COÖPERATION AND CONTROL

January 8, 1918

The assumption of control by the Government over the railroads was certainly necessary. Exactly how far it will go is not evident. At present what has been done is merely to introduce government supervision and control over railroads which are required to combine their operations in flat defiance Of the Sherman Law. In other words, the Government has wisely abandoned the effort to enforce competition among the railroads and has introduced the principle of control over corporative organizations.

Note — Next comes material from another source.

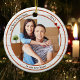 Un ornement moderne avec votre photo personnalisée encadrée par un design rustique en bois blanc avec doublure métallique rouge et étoiles élégantes. Beau pour un premier Noël dans une nouvelle maison et personnalisable pour d'autres situations.

The Attorney-General has just announced that he will, for the time being, abandon the suits under the Sherman Law to break up the harvester and steel corporations, because it is not wise to do so during the war. Mr. Culbertson, the able expert on the government tariff board, has announced that the Sherman Law is mischievous in international trade. Mr. Francis Heney, than whom in all the country there is no more determined and efficient enemy of wrongdoing corporations, has stated that the Sherman Law, the so-called Anti-Trust Law, is mischievous in our domestic business and should be repealed. In other words, under the strain of the war the Sherman Law has completely broken down and the Government is not merely conniving at, but encouraging, its violation by many different corporations.

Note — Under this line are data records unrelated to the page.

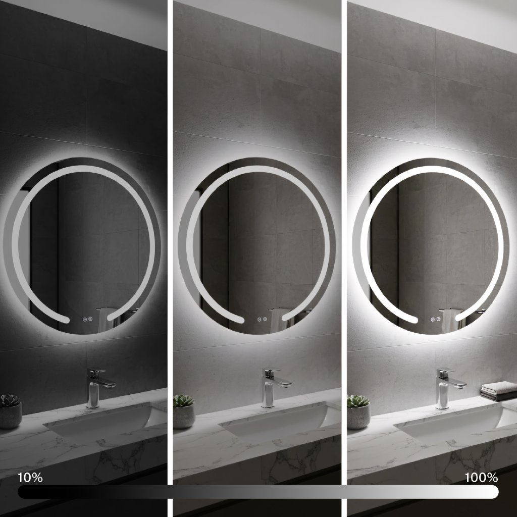 Zrcadlo nabízí velmi snadnou možnost personalizace barvy osvětlení. Změna se provádí pomocí krátkého stisknutí dotykového tlačítka na zrcadle a je velmi intuitivní. Současně lze také u zrcadla ovládat dlouhým stisknutím (přidržením) dotykového vypínače intenzitu osvětlení na podsvětleném tlačítku.
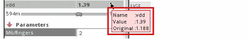 When you change the variable or parameter value, the updated value is passed to the simulator and an instant simulation run takes place. This simulation is fast because the simulation run does not generate the netlist again.
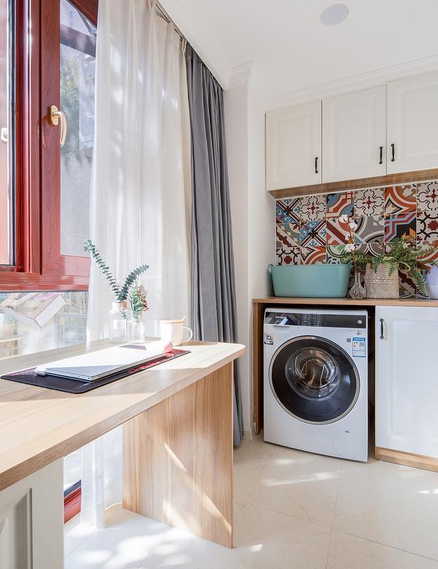 原先的阳台做成了书房,但是保留了洗衣机放的位置,平时作为休闲区,也不影响。

The Sherman Law, or so-called Anti-Trust Law, is just as mischievous in peace as in war. It represents an effort to meet a great evil in the wrong way. As long as corporations claimed complete immunity from government control, the first necessity was to establish the right of the Government to control them. This right and power of the Government was established by the Northern Securities suit, which prevented all the railroads of the country from being united under one corporation which defied government control. The suits against the Standard Oil and Tobacco trusts followed. The Supreme Court decreed that the trusts had been guilty of grave misconduct and should be dissolved, but not a particle of good followed their dissolution. It is evident that the Sherman Law, or so-called Anti-Trust Law, in no way meets the evils of the industrial world. To try to break up corporations because they are big and efficient is either ineffective or mischievous. What is needed is to exercise government control over them, so as to encourage their efficiency and prosperity, but to insure that the efficiency is used in the public interest and that the prosperity is properly passed around.

Merely to repeal the Sherman Law without putting anything in its place would do harm. It should at once be amended or superseded by a law which would in some shape permit and require the issuing of licenses by the Federal Government to corporations doing an interstate or international business. Corporations which did not take out such licenses or comply with the rules of the Government’s administrative board would be subject to the Sherman Law. The others would be under government control and would be encouraged to coöperate and in every way to become prosperous and efficient, the Government guaranteeing by its supervision that the corporations’ prosperity and efficiency were in the public interest.